И осеф Клаузнер родился в 1874 году в Литве, в местечке Олькеники, и умер в Иерусалиме в 1958 году. Когда ему было десять лет, Клаузнеры переехали из Литвы в Одессу, там он из «хедера» перешел в реформированную ешиву, а уж оттуда — в мир палестинофилов «Хибат Цион» и круг Ахад-ха-Ама. В девятнадцать лет напечатал он свою первую статью «Новые слова и каллиграфия», в которой призывал расширить границы языка иврит, сделать его более живым за счет включения и ассимиляции слов из других языков. Летом 1897 года он едет учиться в Гейдельбергский университет, поскольку университеты царской России были закрыты перед евреями. В Гейдельберге в течение пяти лет он изучал философию у профессора Куно Фишера. Ренан покорил его сердце своей интерпретацией истории Востока, Карлейль потряс его и оказал на него глубокое и сильное влияние. Пять лет, проведенных в Гейдельберге, кроме философии и истории, приобщили его к истории литературы и востоковедению, дали возможность изучить семитские языки (он владел пятнадцатью языками, в том числе санскритом, арабским, греческим, латинским, арамейским, персидским, амхарским).

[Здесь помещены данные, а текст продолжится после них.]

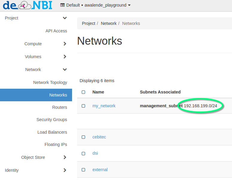 If you are struggling to find the definition of your private network, you can look it up on the OpenStack Dashboard:

Черниховский, его друг еще по Одессе, в те годы изучал в Гейдельберге медицину, их связывали глубокие духовные отношения, теплые и взаимообогащающие. «Пламенный поэт! — бывало, говорил о Черниховском дядя Иосеф. — Ивритский орел, который одним крылом касается ТАНАХа и пейзажей Ханаана, а другое простирает над всеми просторами новейшей Европы!» А иногда он характеризовал его так: «Невинная и чистая душа ребенка скрывается в крепком, как у казака, теле!»

Дяде Иосефу выпала честь быть делегатом первого Сионистского конгресса, состоявшегося в 1887 году в Базеле, — он представлял там еврейских студентов. Был он делегатом и других сионистских конгрессов (третьего, пятого, восьмого, десятого), а однажды даже обменялся несколькими фразами с самим Герцлем («Он был красивым человеком! Красивым, как ангел Божий! Лицо его излучало свет! Черная борода на одухотворенном лице делала его похожим, как нам казалось, на одного из древних ассирийских царей. А глаза его, глаза его я запомню до последнего своего часа — у Герцля были глаза влюбленного юноши-поэта, горящие, проникающие в душу, завораживающие каждого, кто заглянет в них. И высокий лоб также придавал ему царское величие!»)

Довольно быстро перестал Иосеф Клаузнер довольствоваться «духовным сионизмом» Ахад-ха-Ама, своего учителя, став до конца жизни приверженцем «государственного сионизма» Герцля, продолженного, по его мнению, «орлами» М. Нордау и В. Жаботинским, а не Х. Вейцманом, Н. Соколовым и прочими «галутскими ходатаями-комментаторами». Вместе с тем, дядя Иосеф, не колеблясь, выступил против Герцля, когда обсуждался «план Уганды», поддержал фракцию «Сионисты Сиона», не отказался от мечты о культурном и духовном возрождении, без которого он не видел никакого смысла в политических усилиях.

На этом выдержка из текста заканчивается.